Posted: 29 Mar 2014, 02:53
by cpapple123
Where does the program go? Sure I ran the Test program and all ran as expected but the program does not appear on the EV3 screen to run again. Also when I explore the EV3 from BCC the Test.c is there. When I cycle the power the program is gone.

Re: BricxCC EV3 download program

Posted: 29 Mar 2014, 08:03
by HaWe
the ev3 screen does not show any Linux executables at all, just artefacts which are misinterpreted by the Lego GUI intermediately.

Re: BricxCC EV3 download program

Posted: 30 Mar 2014, 00:00
by cpapple123
Didn't BricxCC create executable for the NXT? I'm not up to speed with the EV3 differences. I just received mine last week from my wife for our anniversary. I am not a huge fan of the new Lego software feels real stripped down even from the NXT-G software. I liked/ was used to the function blocks in NXT-G with the options window that accustomed each block and really like the flexibility of BricxCC. As I now poke around the web it feels that LEGO has not as freely opened the book for the EV3 as they did for the NXT. Maybe in time? I hope so I always love the Idea that lego Open the book on the NXT because "hackers" expanded the possibilities way beyond their imaginations.
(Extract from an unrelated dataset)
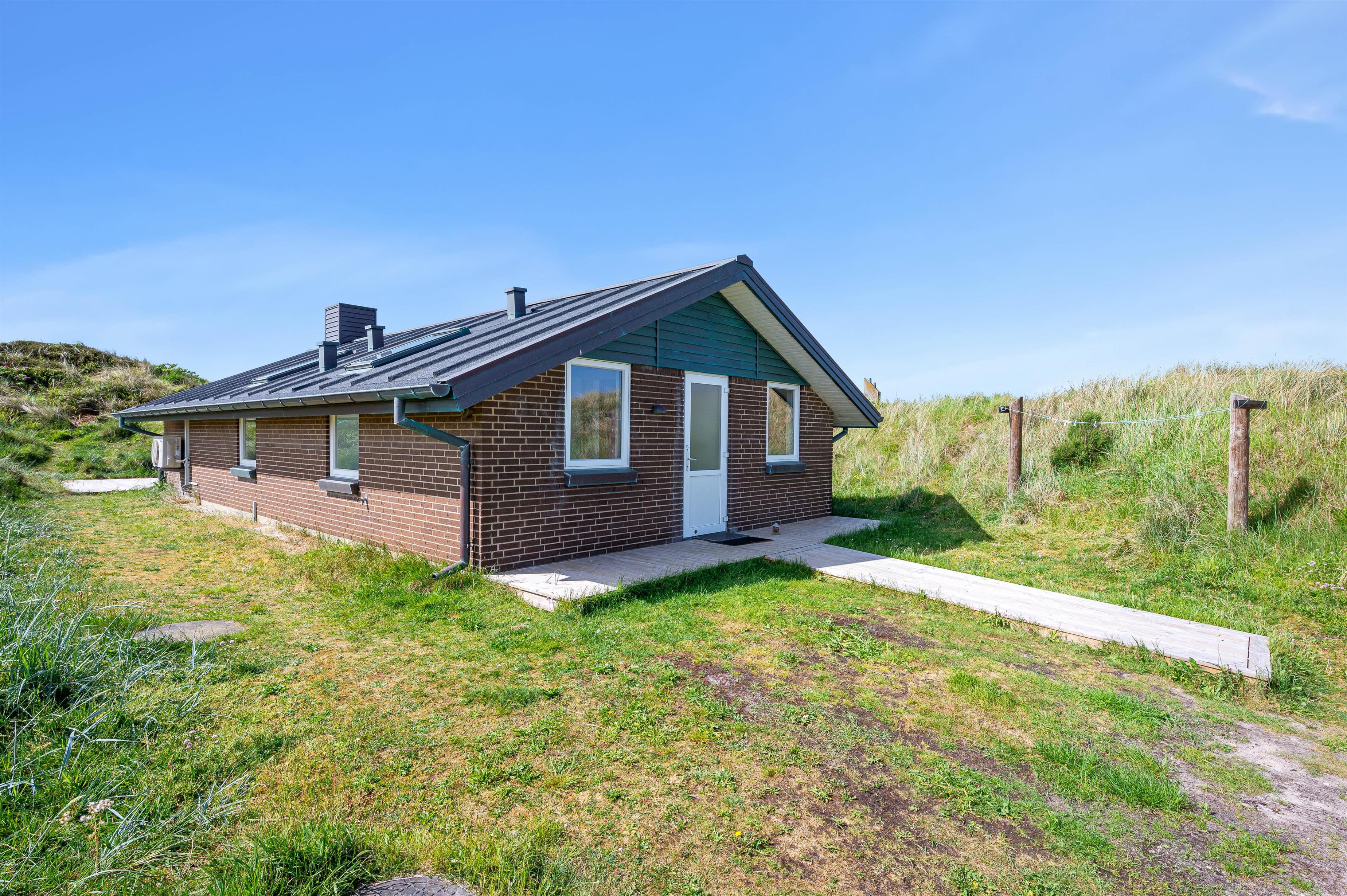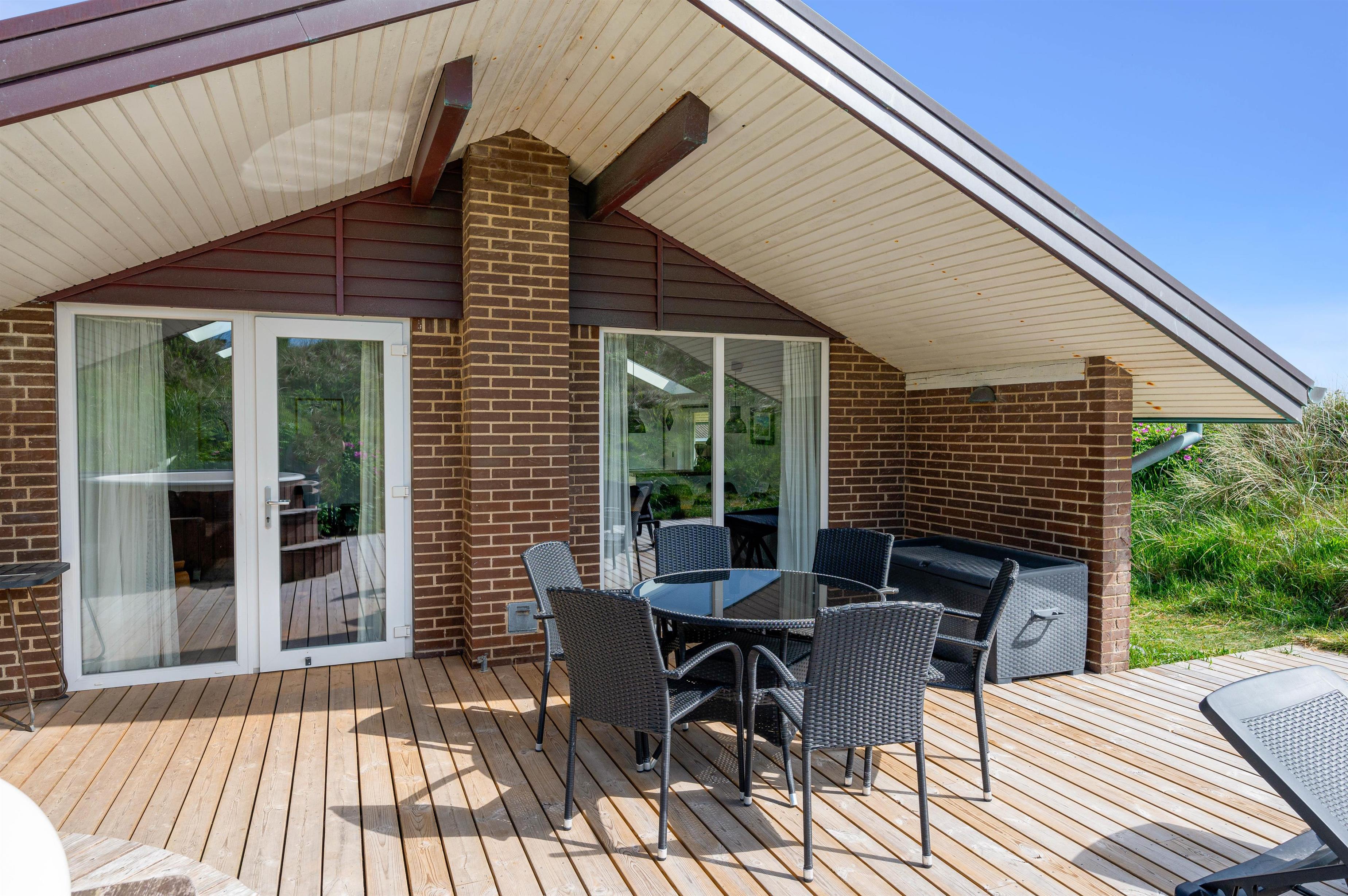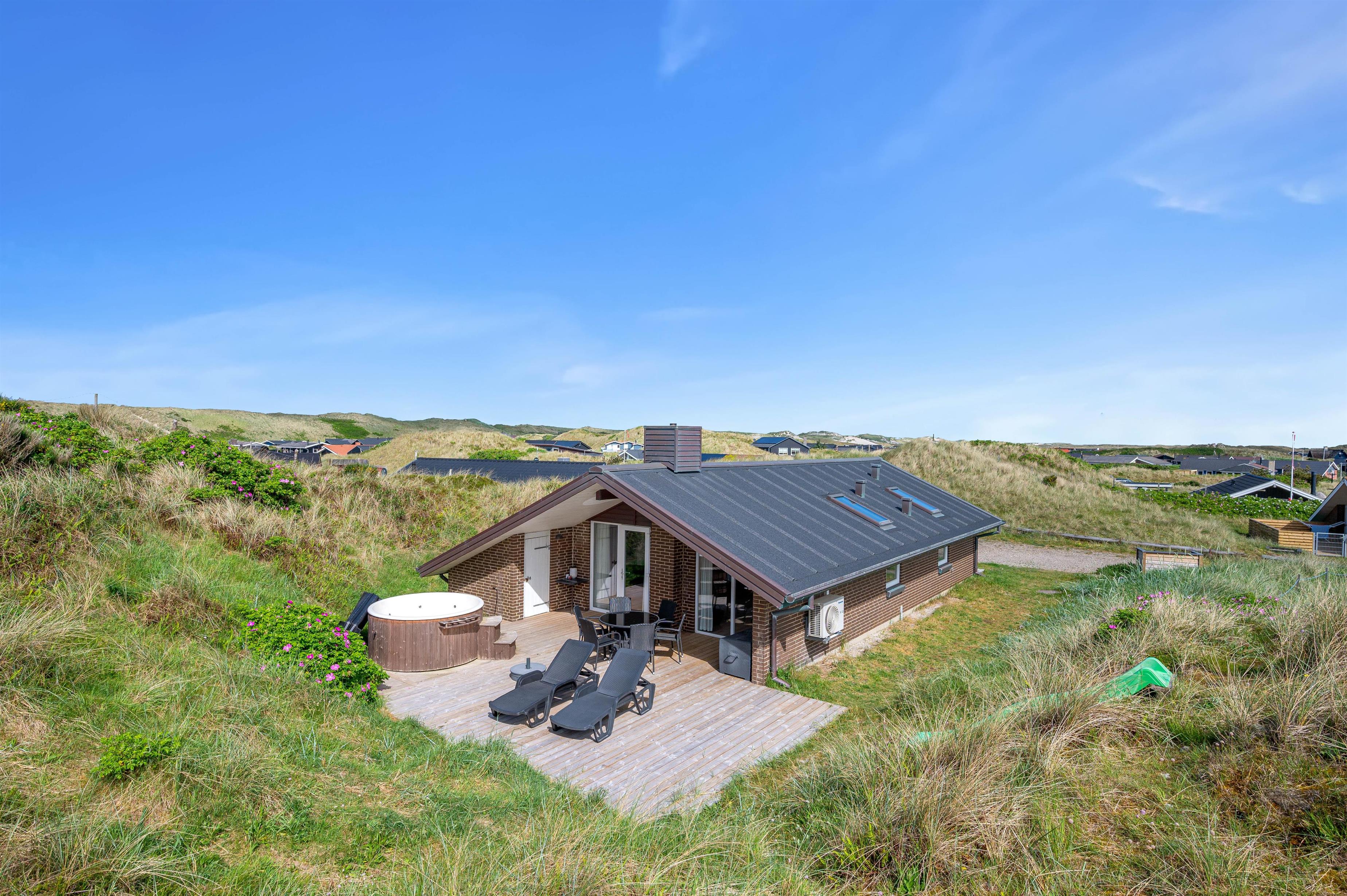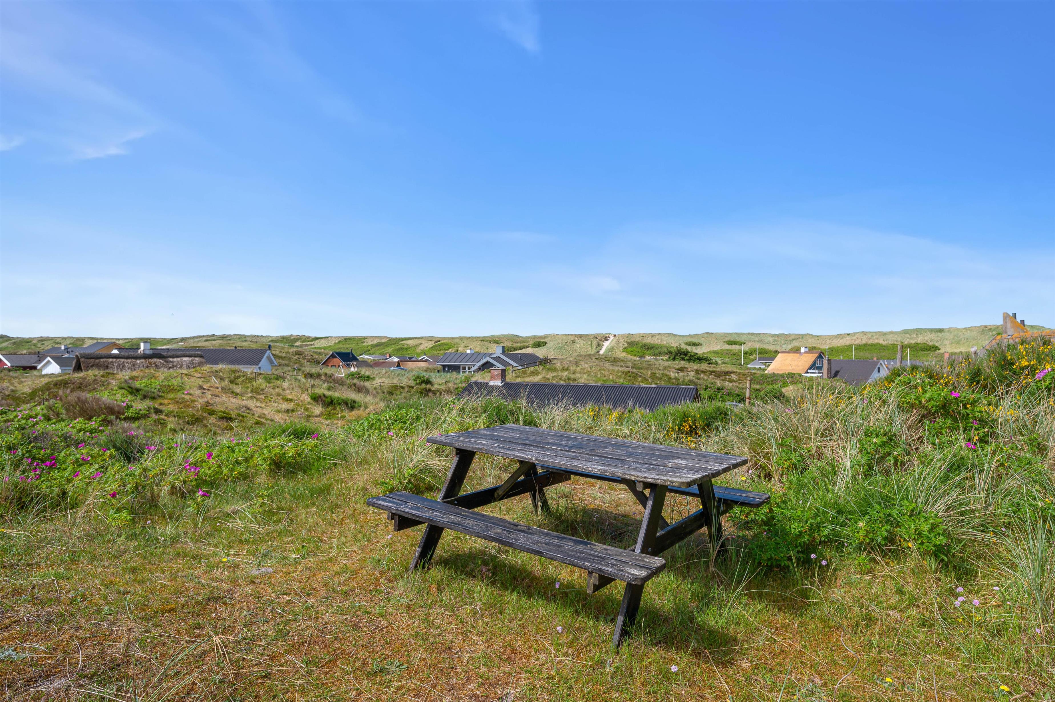 Beliggenheden på en kuperet klitgrund giver en fantastisk udsigt og vesterhavsfornemmelse ved ophold på terrassen. Naturgrunden er yderligere udnyttet med bord-bænkesæt på toppen af klitten, og en rutchebane til de små børn.

Re: BricxCC EV3 download program

Posted: 30 Mar 2014, 07:00
by HaWe
heya,
no, BCC/NXC created bytecode just like NXT-G for the Lego NXT VM bytecode interpreter
EV3-G creates bytecode, too, but for the EV3 VM of course (which is completely different from the NXT bytecode interpreter)
but BCC/EV3-C creates Linux executables by a real C compiler (gpp CSLite) , that has nothing to do with the Lego VM (except that there are often bad interactions if the Lego VM is running simultaneously as it always does with the standard Lego firmware).

IMO these issues should have been already made more clear in any BCC instruction/readme files.

Both ev3 hardware and software specifications are published and available, but the Lego firmware is quite bugged as some people reported and the C compiler is using large parts of it's library (or modified parts of it) - and it's still rudimentary and probably will not be completed and fixed "in a future of a kind which commonly is called 'near' " (if not possibly never).
Different approaches to kind of an API by other members often are incompatible either to John Hansen's API or to the original firmware libs (e.g., lms2012.h), or both, and they also are rudimentary, too.
No one really seems to care for the present time or for the future, though.